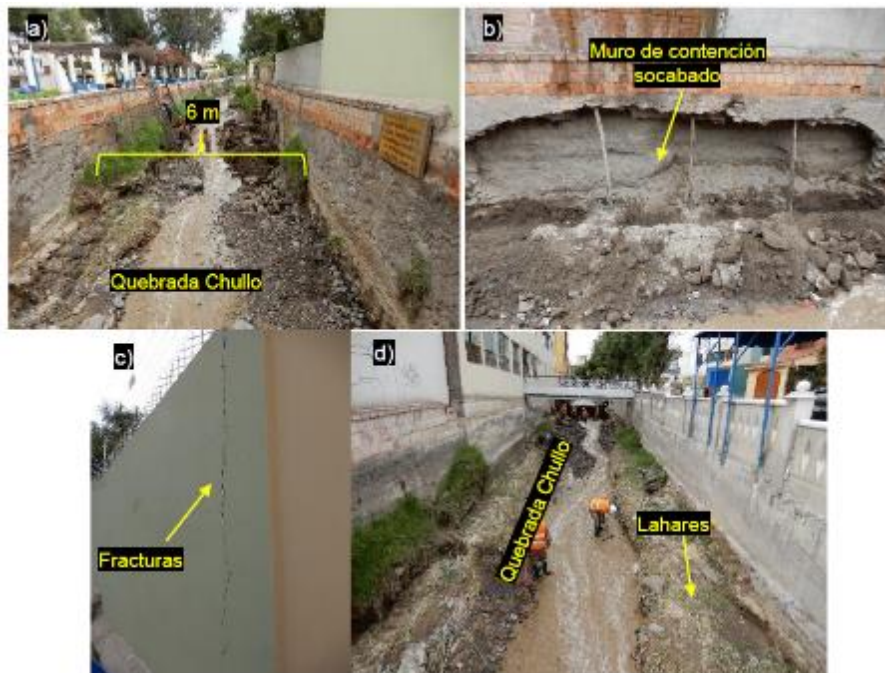
Sector Puente Primavera, distrito Yanahuara. a) muro de contención antiguo y debilitado por la erosión de los huaicos. b) pared socavada por los huaicos. c) fracturas en las paredes de las casas a causa de los asentamientos producidos por la socavación en el lecho de la quebrada. d) depósitos de lahares dentro de la quebrada. (Informe A7040).
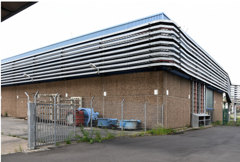
Kraftwerk Frimmersdorf II: Außenlager, Ansicht von Nordosten; Foto: 23.06.2023
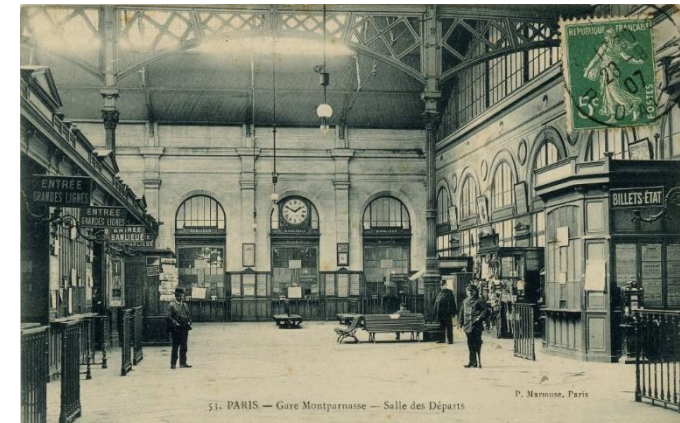
La première gare est construite en 1840, la seconde, plus vaste, en 1852. Les trains électriques y circuleront à partir de 1937. La Gare Montparnasse dessert en particulier la Bretagne et les Pays de Loire.
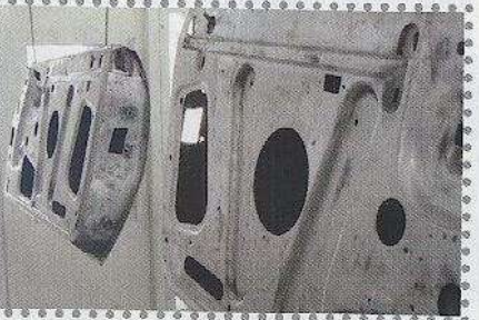
De deuren zijn los van de auto gespoten. Omdat de Peugeot niet in een metallic lak gezet is kan dat probleemloos en zonder 'kleuromlagen'
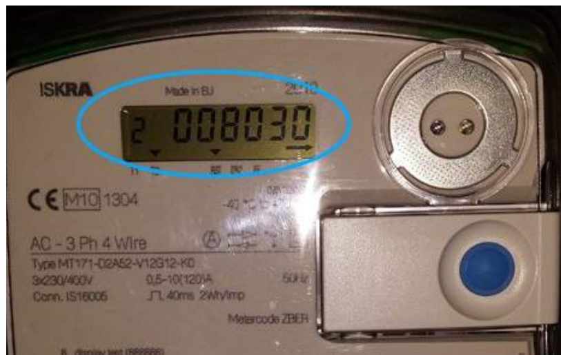
Foto: digitale elektriciteitsmeter

Je kan aan de hand van de knop tussen de verschillende telwerken wisselen om deze te noteren. Schrijf per telwerk het cijfer op (ook al is het 0)
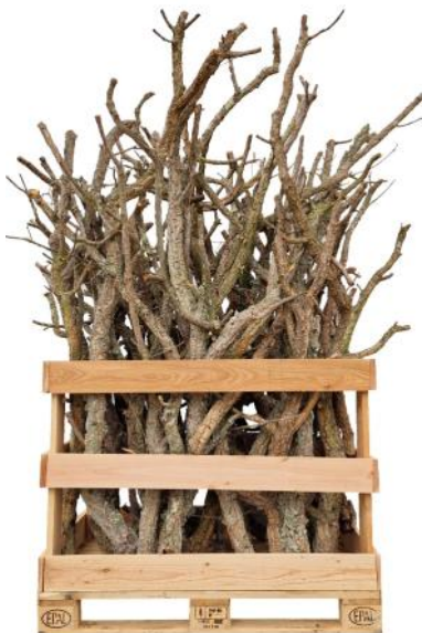
50383 VE 1 Palette Korkäste im Mix per Kg ca. Ø 2-10 x 50-200cm

Abrechnung erfolgt per Kg. Es wird nur das Nettogewicht ohne Palette/Verpackung berechnet!
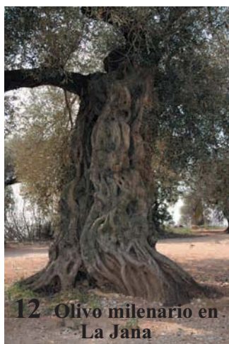
12 Olivo milenario en La Jana
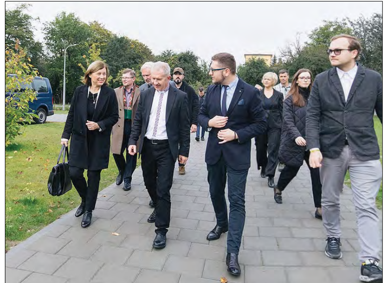
Віцепрезидентка Європейської комісії Віра Юрова (ліворуч) відвідує Український католицький університет.

Під час зустрічі ректор УКУ о. Богдан Прах наголосив: „У часі відбудови України, потрібно шукати нові рішення: як працювати з українцями й нашими партнерами. Ми бачимо, як світ сьогодні підтримує Україну. І хочемо вірити, що спільно досягнемо перемоги. Як університет ми є невеликою
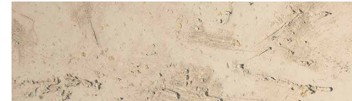
Struktur Toscana / Farbe S/66
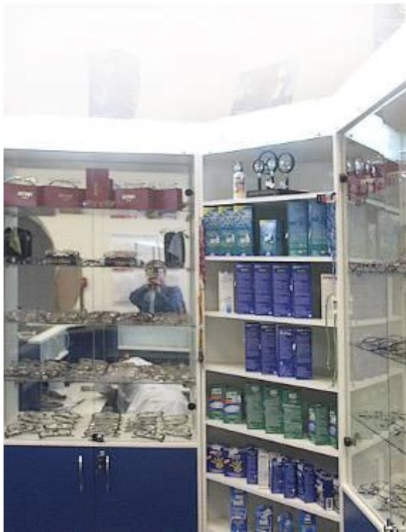
Стеллажи и витрины пристенные
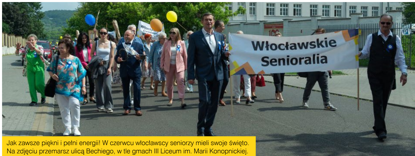
Jak zawsze piękni i pełni energii! W czerwcu włocławscy seniorzy mieli swoje święto. Na zdjęciu przemarsz ulicą Bechiego, w tle gmach III Liceum im. Marii Konopnickiej.
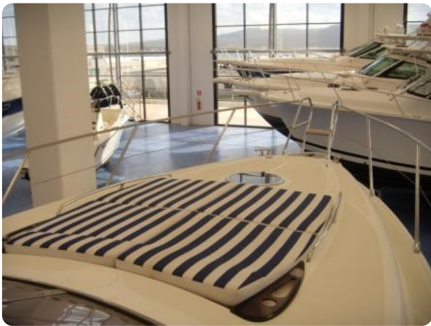
Gobbi 425 esterno (10)
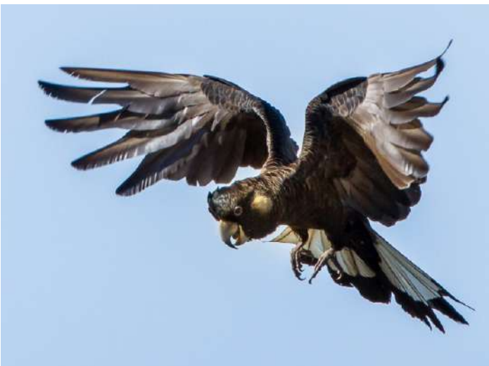
Carnaby's Black Cockatoo

17 november. Tidig frukost och sedan kör vi en dryg halvtimme till Dryandra State Forest där vi tillbringar hela dagen, med sen återkomst till hotellet kring 11 på kvällen. På sena eftermiddagen och kvällen går vi omkring i en del av parken där man arbetar med återinplanteringsprojekt av hotade däggdjur och stupar sedan i säng i vårt boende i Narrogin fulla av intryck.
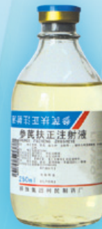
參芪扶正注射液 益氣扶正。用於氣虛證肺癌、胃癌的輔助治療。
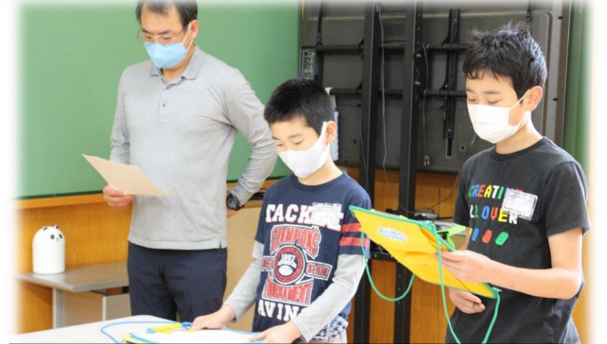
高学年が進行をがんばりました。
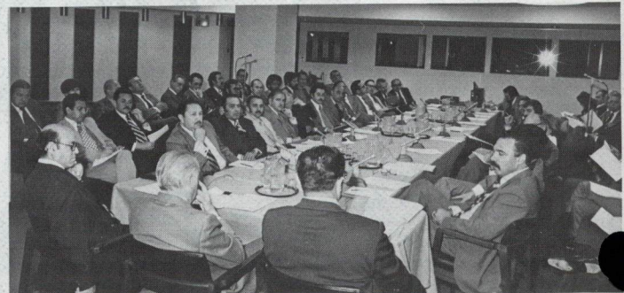
Un aspecto del seminario celebrado en la sede del BID. Según los expertos, América Latina tiene capacidad para investigar y resolver los problemas del desarrollo rural.
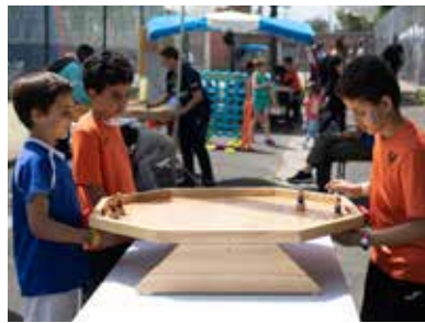
Des stands maquillage et diverses animations ont rythmé la journée.
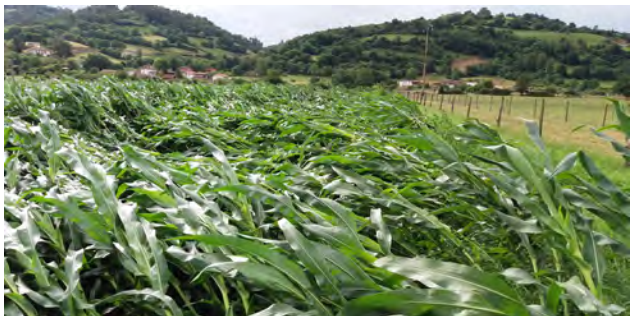
Fotografía 3. Efecto de las fuertes rachas de viento del 28/06/2017 en el campo de evaluación de variedades de la zona interior baja (Grado).

Aunque el viento en general, a lo largo del periodo de crecimiento del cultivo sopló de acuerdo a lo esperado, cabe destacar que durante el mes de junio hubo episodios puntuales con rachas fuertes, llegando a alcanzar los 114 km/h el 28 de junio en la zona costera occidental (observatorio del Cabo Busto, concejo de Valdés). En la fotografía 3, y a modo de ejemplo, se puede observar el efecto que sobre el cultivo de maíz ejercieron dichas rachas de viento, cuando las plantas de maíz ya tenían una altura suficiente como para ser tumbadas sin capacidad de recuperación (ver fotografía 3).
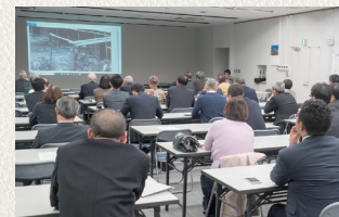
当委員会オリジナルセミナー
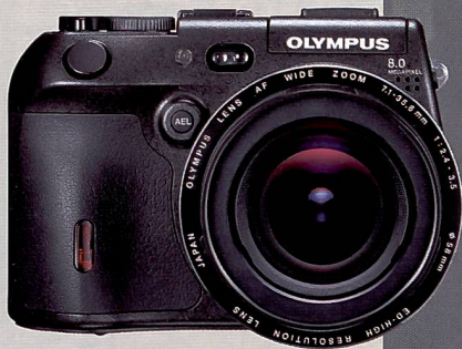
Olympus zeigte die C8080 Wide Zoom mit 8 MP und TruePic Turbo Prozessor.

grafen. Das lichtstarke Hochleistungsobjektiv mit 10-fach Zoom und einer Brennweite von 5,7-57 mm (KB 35-350 mm) wird ergänzt durch eine Reihe von ausgefeilten Einstellmöglichkeiten. Darüber hinaus bietet sie die Möglichkeit zur Videoaufzeichnung. Eine Schärfereinstellung ist im Weitwinkel-Bereich zwischen 50 cm und unendlich, im Telebereich von 120 cm bis unendlich möglich. Bei Makroaufnahmen ist der Mindestabstand zum Mo-

◇ ◇ ◇ ◇

* ACTIVITY *
Wherever a line in the listing contains the word "wird", copy that line out.

* SOLUTION FOR THIS EXERCISE *
Abrechnung erfolgt per Kg. Es wird nur das Nettogewicht ohne Palette/Verpackung berechnet!
grafen. Das lichtstarke Hochleistungsobjektiv mit 10-fach Zoom und einer Brennweite von 5,7-57 mm (KB 35-350 mm) wird ergänzt durch eine Reihe von ausgefeilten Einstellmöglichkeiten. Darüber hinaus bietet sie die Möglichkeit zur Videoaufzeichnung. Eine Schärfereinstellung ist im Weitwinkel-Bereich zwischen 50 cm und unendlich, im Telebereich von 120 cm bis unendlich möglich. Bei Makroaufnahmen ist der Mindestabstand zum Mo-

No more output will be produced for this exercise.